I am interested in finding out more about the time just before the fall of the Berlin Wall, and just afterwards, how it affected peoples' lives and how artists portrayed these events.  This will be the focus of some of my future research for this module.

Image from IMP Awards, 2007

Monday, 16 January 2017

The Great Wide Open

Following on from my personal photography project last year, Looking Into The Depths, that explored the impacts humankind are having on the environment, particularly the oceans, I have found that other issue-based photography or films capture my attention much more than they previously may have done.  I pay particular attention to the visual narratives being created, comparing their techniques with those I aimed to portray in my project to caution my audience of the effects of our actions.

My objective was to create beautiful images that confused the viewer so that they took a second look at the photograph and questioned what wasn't quite right about it.

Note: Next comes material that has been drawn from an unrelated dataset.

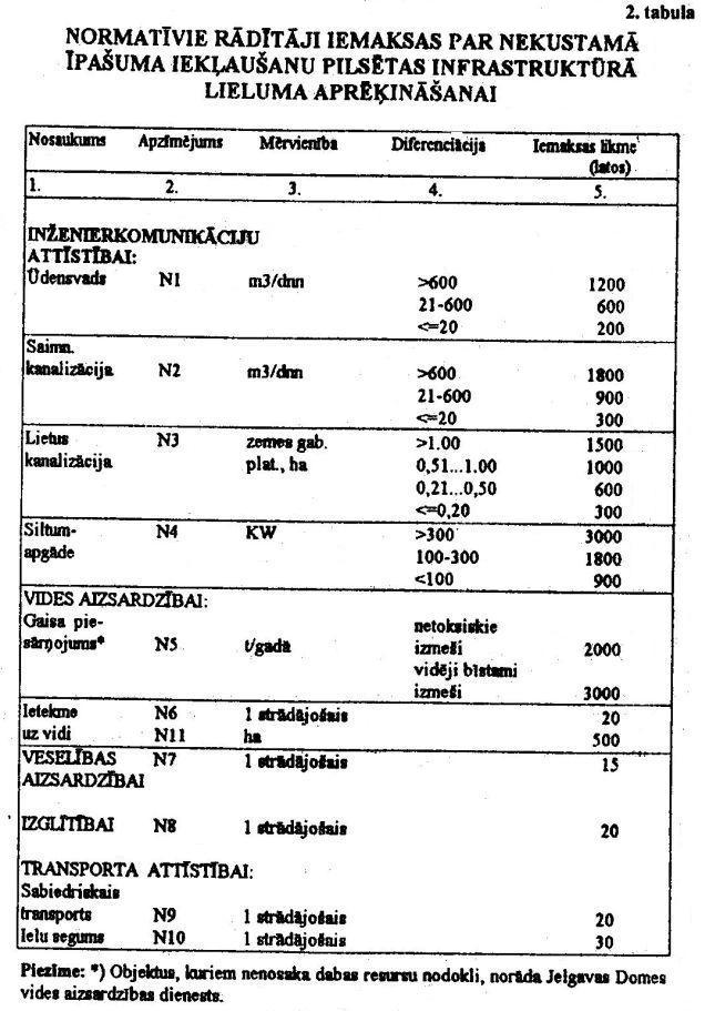 Noteikt, ka ikviens uzņēmējs (juridiska vai fiziska persona), kas vēlas Jelgavas pilsētas teritorijā realizēt attīstības priekšlikumu (būvniecības, rekonstrukcijas, modernizācijas u.c.) Jelgavas Domes noteiktajā kārtībā, neatkarīgi no zemes īpašuma piederības veic vienreizēju iemaksu par pilsētas infrastruktūras (labiekārtošanas objektu, inženiertehnisko būvju un tīklu, parku, apstādījumu, transporta tīkla un būvju u.c., kā arī sociālo, veselības, izglītības u.c. iestāžu pakalpojumu) izmantošanu, un tās apjoms tiek aprēķināts pēc 1.-4. tabulā noteiktās metodikas.

As I was scrolling through the National Geographic Instagram feed the other day, I came across a post of Jared Leto's Great Wide Open videos made last year to celebrate America's National Parks and the incredible adventurers who explore its beauty.  Leto is described as an actor, musician, entrepreneur and environmentalist, and so I had to take a look at the videos to see if there was any link to preserving the National Parks.  However, rather than focusing on the environmental aspect, these videos tell the stories of the people who choose to push themselves to the limit through extreme rock climbing.  Rather than focusing on destruction and ruin, the Great Wide Open emphasises the stunning expanses and wilderness to be found in the National Parks, and the experiences felt by the people who visit them.

The fourth video in the series, The Wolfman, has to be my favourite.  It tells us about the wild animals found in Yosemite National Park and features interviews with more normal people than the fearsome rock climbers, showing that it appeals to all people from all walks of life, and the haven that it offers them, and the wildlife.

They are beautiful videos telling stories of how the parks have had an influence on the lives of the central characters and the sense of wanderlust to be found in this wilderness.  I like to think that seeing the beauty and benefits the parks bring to these people will influence others to take more care of the environments they encounter.